■ Dataset entries
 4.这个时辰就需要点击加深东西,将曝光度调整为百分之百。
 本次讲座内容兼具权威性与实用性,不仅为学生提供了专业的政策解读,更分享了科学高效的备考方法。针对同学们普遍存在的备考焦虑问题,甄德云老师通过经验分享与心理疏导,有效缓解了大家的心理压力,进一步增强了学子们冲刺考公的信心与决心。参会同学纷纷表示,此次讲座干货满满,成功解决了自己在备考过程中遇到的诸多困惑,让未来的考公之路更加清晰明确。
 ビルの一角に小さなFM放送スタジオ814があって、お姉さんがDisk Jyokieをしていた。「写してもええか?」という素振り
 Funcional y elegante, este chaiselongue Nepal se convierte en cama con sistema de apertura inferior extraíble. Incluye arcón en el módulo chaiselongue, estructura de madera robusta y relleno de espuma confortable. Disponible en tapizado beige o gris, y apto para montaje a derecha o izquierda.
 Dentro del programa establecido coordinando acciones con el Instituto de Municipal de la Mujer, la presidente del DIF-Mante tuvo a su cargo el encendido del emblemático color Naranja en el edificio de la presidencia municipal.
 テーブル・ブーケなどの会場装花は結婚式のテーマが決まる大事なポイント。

==

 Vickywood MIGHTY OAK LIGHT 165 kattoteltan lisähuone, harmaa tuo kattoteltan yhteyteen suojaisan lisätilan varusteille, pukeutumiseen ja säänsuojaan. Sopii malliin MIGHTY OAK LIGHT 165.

■ What you have to do
Copy the records above exactly, beginning at the line that contains "4.这个时辰就需要点击加深东西,将曝光度调整为百分之百。" and stopping after the line that contains "テーブル・ブーケなどの会場装花は結婚式のテーマが決まる大事なポイント。".

■ Written reply
 4.这个时辰就需要点击加深东西,将曝光度调整为百分之百。
 本次讲座内容兼具权威性与实用性,不仅为学生提供了专业的政策解读,更分享了科学高效的备考方法。针对同学们普遍存在的备考焦虑问题,甄德云老师通过经验分享与心理疏导,有效缓解了大家的心理压力,进一步增强了学子们冲刺考公的信心与决心。参会同学纷纷表示,此次讲座干货满满,成功解决了自己在备考过程中遇到的诸多困惑,让未来的考公之路更加清晰明确。
 ビルの一角に小さなFM放送スタジオ814があって、お姉さんがDisk Jyokieをしていた。「写してもええか?」という素振り
 Funcional y elegante, este chaiselongue Nepal se convierte en cama con sistema de apertura inferior extraíble. Incluye arcón en el módulo chaiselongue, estructura de madera robusta y relleno de espuma confortable. Disponible en tapizado beige o gris, y apto para montaje a derecha o izquierda.
 Dentro del programa establecido coordinando acciones con el Instituto de Municipal de la Mujer, la presidente del DIF-Mante tuvo a su cargo el encendido del emblemático color Naranja en el edificio de la presidencia municipal.
 テーブル・ブーケなどの会場装花は結婚式のテーマが決まる大事なポイント。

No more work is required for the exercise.